>>> вступительное слово
Развитие больших языковых моделей (LLM) и интерфейсов на их основе открывает огромные возможности для образования. Однако функционал этих моделей, при всей его широте, часто оказывается слишком размытым для решения конкретных практических задач. С одной стороны, ИИ предстает «мастером на все руки», с другой — не обладает достаточными квалификациями применительно к специализированным образовательным контекстам.
Появление этого нового технического артефакта ставит сложную задачу его осмысления и интеграции: каким должен быть его функционал в образовании? Как он должен действовать? Что требуется от университетов, преподавателей и студентов для его эффективного использования? И, наконец, для чего он действительно нужен и можно ли обойтись без него? Сочетание огромного потенциала LLM с традиционным устройством университета делает поиск ответов на эти вопросы особенно сложным.
При этом мы наблюдаем процесс реконфигурации (по Л. Сачмен) — перераспределения ролей, которые ранее были четко закреплены за человеком или машиной. Вместо абстрактного теоретизирования об «агентности» ИИ, продуктивнее посмотреть, как эта агентность фактически перераспределяется в конкретных образовательных практиках между человеком и машиной.
Хотя часто говорят о роли ИИ как помощника, тьютора или ментора студента, многие существующие инструменты изначально не разрабатывались для этих целей.

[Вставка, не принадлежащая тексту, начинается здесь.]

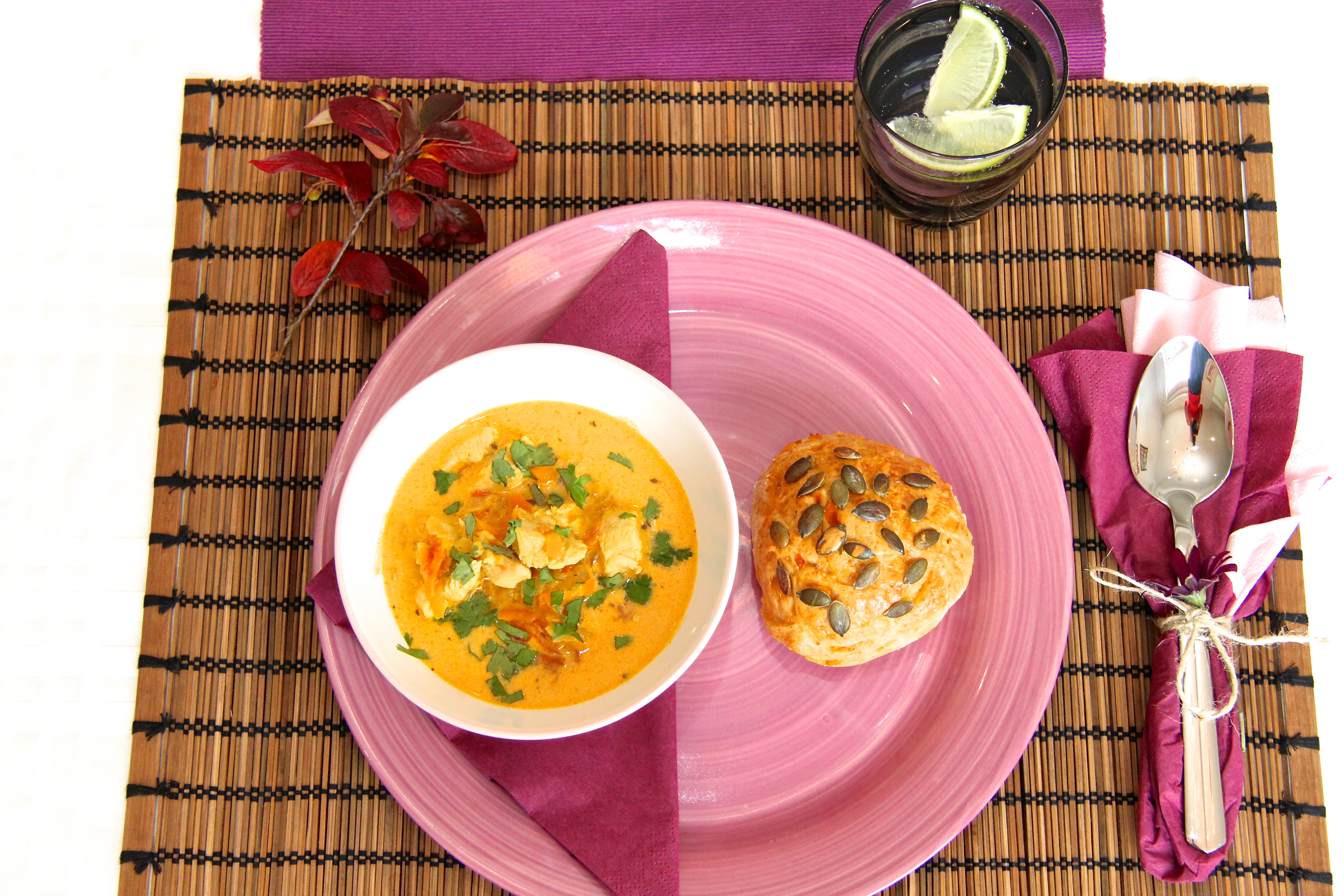 Ég er voðalega spennt að setja þessa uppskrift inn í dag. Þessi tælenska kjúklinga- og sætkartöflusúpa er algjört æði! Ein sú einfaldasta súpa sem ég hef gert en með þeim allra bestu. Ég mæli algjörlega með þessari! 🙂

А если и разрабатывались, то возникает вопрос: как именно и, главное, какими мы (университеты, преподаватели, студенты) хотим видеть эти новые отношения?
Здесь особенно любопытным кажется подумать об ошибках.
Ошибки играют фундаментальную роль в образовании: именно исправляя их, мы учимся. В рамках круглого стола мы сосредоточились не на образовательном процессе в целом, а на конкретных практиках нахождения ошибок и работы над ними. Это позволило сфокусироваться на ключевом вопросе: стоит ли делегировать эти практики искусственному интеллекту, и если да, то как это сделать оптимально?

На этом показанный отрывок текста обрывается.